Os cancelos são meias portas fechadas á frente de portas abertas que, para além de entrar mais claridade na cozinha, também impediam a entrada de menos frio ao aconchego da lareira. Assim, nos dias em que não havia sol as D. de casa remendavam, fiavam, faziam meia e etc. ao lume sem ter que acender a candeia. Também impediam a entrada das pitas, estas, mal apanhavam a porta aberta aí entravam elas porta a dentro.
O Sr. António tem razão. Também havia os postigos e descreve-os muito bem.
Até sempre e para si D. Fátima um beijinho grande.

Rui disse...

Há coisas mundanas sobre as quais nunca nos debruçamos quanto o seu significado, origem ou serventia. Vale-nos quem, como a D. Fátima, quer saber e vê (sem olhar somente). Por esta partilha o meu obrigado.

Se a memória visual não me engana, ainda há um em utilização em casa da tia Eduarda, não é assim?

Aproveito a deixa do Sr. António, para também regressar ao espaço de comentários, do qual, com muita pena minha, tenho andado arredado.

Cumprimentos para todos

Fátima Pereira Stocker disse...

Augusta

Não me referia a essa janela, referia-me à outra que dava para o horto, a partir da salinha.

Lembras-te de o pai e a mãe contarem que a entrada para nossa casa era feita pela porta que passou a ser a dos porcos e que a casa era toda ampla? Deve ter sido na altura da mudança da entrada que fizeram a divisão do interior, separando a cozinha do resto da casa com o tabuado. Nessa altura, a cozinha ficou sem a iluminação da janela, mas não entendo porque é que não puseram o cancelo.

Basta, no entanto, pensar na casa do avô: janelas não lhe faltavam, mas tinha cancelo. Creio que a explicação estará na antiguidade das casas: as mais recentes seriam construídas com janelas. Umas, por tradição, mantinham o cancelo, enquanto outras o dispensavam.

Beijos

Fátima Pereira Stocker disse...

Tonho da tia Lídia

Obrigada, eu, por teres percebido.

Beijos

Fátima Pereira Stocker disse...

Tonho (Brás)

Não tens que pedir desculpa por nada: cada um tem a sua vida e os seus ritmos e há que saber respeitar.
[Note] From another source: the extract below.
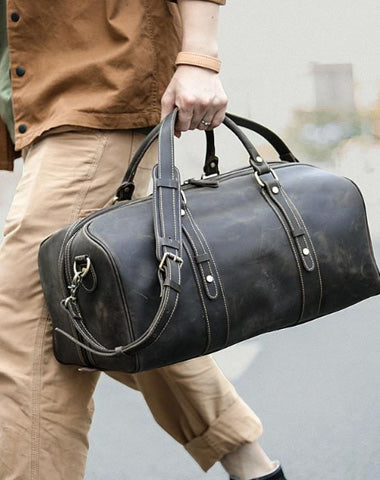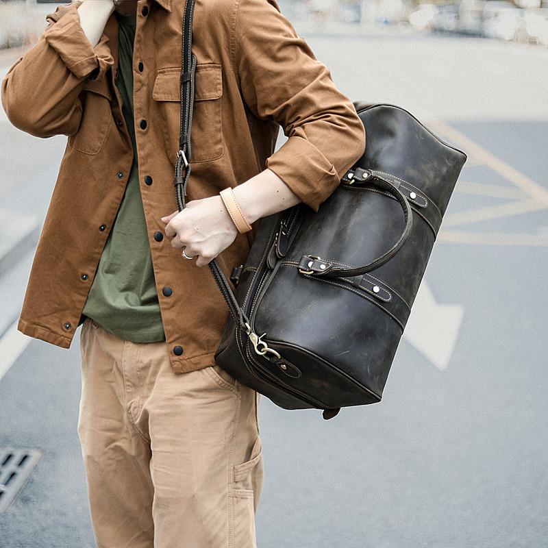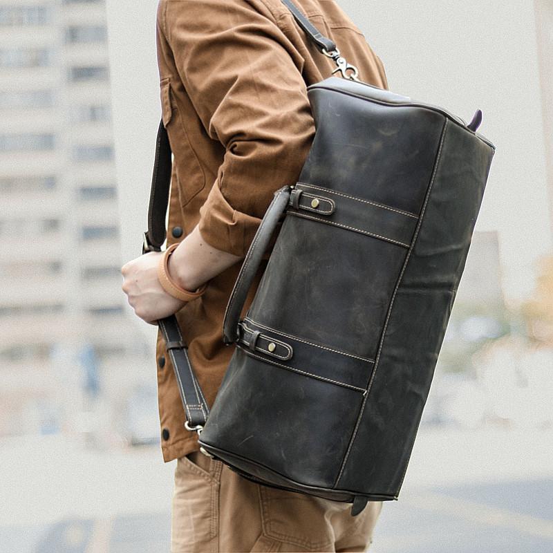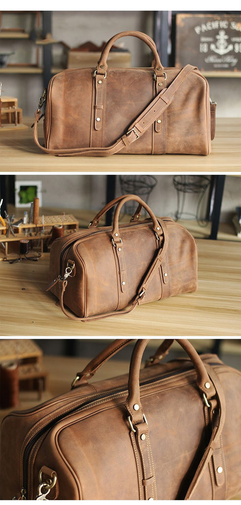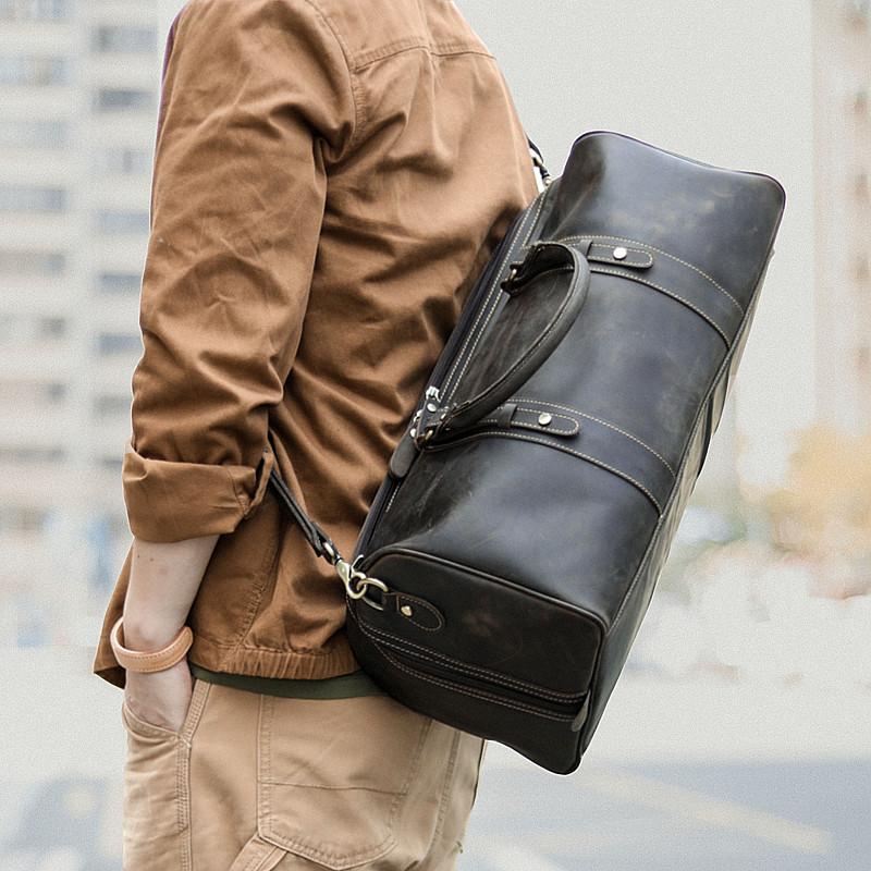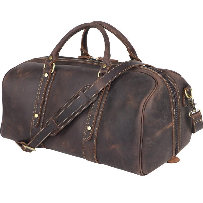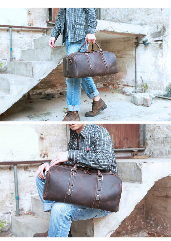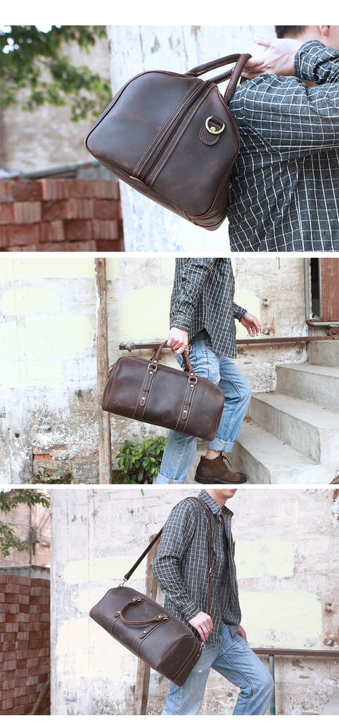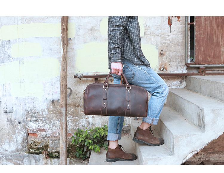 Style: Dark Brown Leather Mens Casual Large Travel Bag 16" Shoulder Weekender Bag Duffle Bag For Men

Escrevi aquelas palavras no início da caixa de comentários por causa de alguns comentadores que vinham para aqui à espera de um público próprio, o que me irritava. Não foi isso, de certeza, aquilo que fizeste ao justificares a tua ausência.

Obrigada por me teres lembrado dos postigos. Quando falaste neles, veio-me à memória uma imagem diferente daquela que tu deste - era uma das almofadas da porta (ou da janela)que se abria, mas por dentro, ou seja, abria para o lado, não para cima. Daquele que tu falas não recordo nenhum (só o do grande guarda-vento do fundo da igreja) e daqueles que eu falo, por mais voltas que dê à memória, não consigo lembrar-me a que casa associo a imagem de que me lembrei.
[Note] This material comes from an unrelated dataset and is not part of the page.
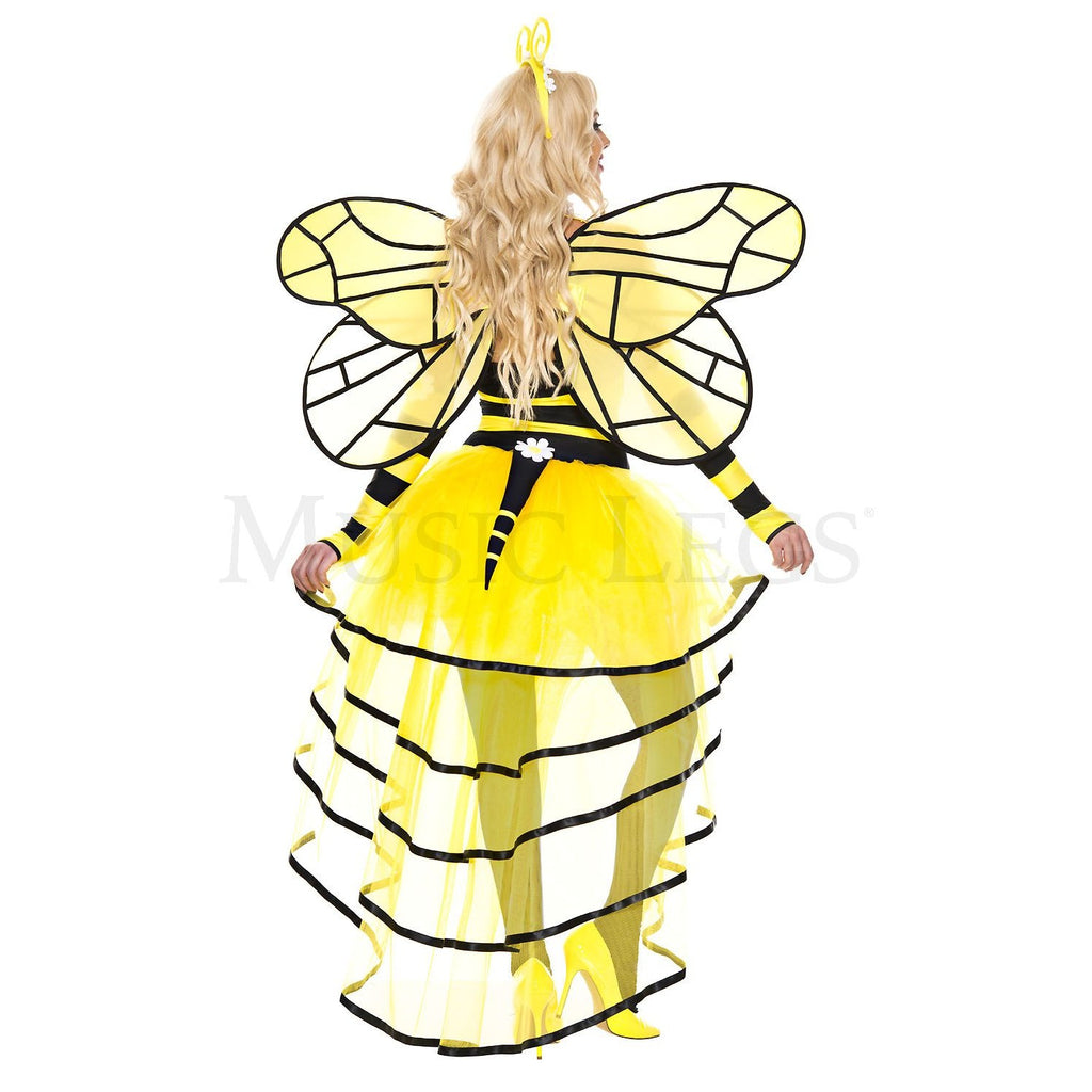 Get buzzed in this Deluxe Queen Bee costume featuring a yellow and black striped halter dress, attached high-low yellow tutu, black ribbon accents, attached daisy flower details, matching daisy antenna headband, matching daisy choker necklace, yellow and black striped arm warmers, matching black thigh high stockings with attached daisy flowers, and bee wings. (Shoes not included.)

Tenta lembrar-te tu, se fazes favor, está bem?

Beijos

Fátima Pereira Stocker disse...

Serrana

Tem muita razão naquilo que diz: os cancelos permitiam a entrada de luz e garantiam algum aconchego dentro de casa. Já quanto às pitas, havia sempre algumas mais temerárias que pouco se importavam com o cancelo. Lembro-me tão bem de ouvir a minha tia Helena ralhar com elas porque lhe entrarem em casa...

Peço-lhe, a si, aquilo que pedi ao Tonho: que se lembre de casa onde houvesse postigos desses. Será que também chamávamos postigo às portas das janelas?

Um grande beijo também para si e muito obrigada.

Fátima Pereira Stocker disse...

Rui

Há o da Sr.ª Eduarda, sim. A esse até lhe sei a idade, que é a minha e a do Norberto. Foi mandado pôr quando a Sr.ª Eduarda e o Sr. João se mudaram para lá. Ainda o não fotografei, mas hei-de fazê-lo, mas a esse queria que fosse com a porta aberta.

Obrigada pelo teu regresso.

Beijos

Anónimo disse...

Fátima
gostei muito do texto, nunca me lembraria desta tua análise, apesar de me recordar dos cancelos. E por portas e cancelos, vai daí recordei isto:

"Eu abro do amor as portas,
da vida as portas encerro,
Permaneço em coisas tortas,
mas não em monte ou desterro."

Quem adivinha?
Bjs
Eduarda

Fátima Pereira Stocker disse...

Eduarda

E eu que gosto tanto de adivinhas...

Acho que posso responder assim:

Também ando pelas ruas
mas em casa e na sala
ponho-me em ambas em duas
p'ra ver se ninguém me cala!

Acertei?

Beijos e obrigada pelas tuas palavras.